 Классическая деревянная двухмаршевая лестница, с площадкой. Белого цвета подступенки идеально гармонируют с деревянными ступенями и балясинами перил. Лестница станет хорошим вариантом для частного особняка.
□ □ □ □ □
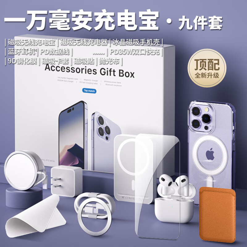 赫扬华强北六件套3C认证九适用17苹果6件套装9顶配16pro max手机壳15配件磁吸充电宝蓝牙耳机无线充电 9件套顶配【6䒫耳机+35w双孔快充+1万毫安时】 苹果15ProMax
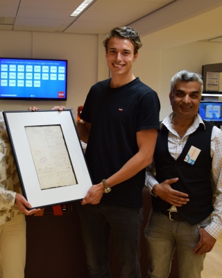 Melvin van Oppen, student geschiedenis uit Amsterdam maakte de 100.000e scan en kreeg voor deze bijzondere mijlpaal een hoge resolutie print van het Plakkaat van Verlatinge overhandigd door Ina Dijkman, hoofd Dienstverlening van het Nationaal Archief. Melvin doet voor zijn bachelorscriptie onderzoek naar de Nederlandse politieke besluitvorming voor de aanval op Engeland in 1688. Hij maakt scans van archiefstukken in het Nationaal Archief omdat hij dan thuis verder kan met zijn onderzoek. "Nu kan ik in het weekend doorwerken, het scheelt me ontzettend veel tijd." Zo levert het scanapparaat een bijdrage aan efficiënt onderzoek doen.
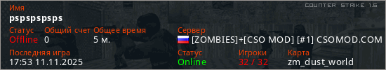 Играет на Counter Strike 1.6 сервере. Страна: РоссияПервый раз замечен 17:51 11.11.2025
□ □ □ □ □
WHAT NEEDS TO BE DONE: Copy only what runs above from the line containing "Melvin van Oppen, student" through the line containing "Играет на Counter", exactly. Leave out the pictures.

EXERCISE OUTPUT:
 Melvin van Oppen, student geschiedenis uit Amsterdam maakte de 100.000e scan en kreeg voor deze bijzondere mijlpaal een hoge resolutie print van het Plakkaat van Verlatinge overhandigd door Ina Dijkman, hoofd Dienstverlening van het Nationaal Archief. Melvin doet voor zijn bachelorscriptie onderzoek naar de Nederlandse politieke besluitvorming voor de aanval op Engeland in 1688. Hij maakt scans van archiefstukken in het Nationaal Archief omdat hij dan thuis verder kan met zijn onderzoek. "Nu kan ik in het weekend doorwerken, het scheelt me ontzettend veel tijd." Zo levert het scanapparaat een bijdrage aan efficiënt onderzoek doen.
 Играет на Counter Strike 1.6 сервере. Страна: РоссияПервый раз замечен 17:51 11.11.2025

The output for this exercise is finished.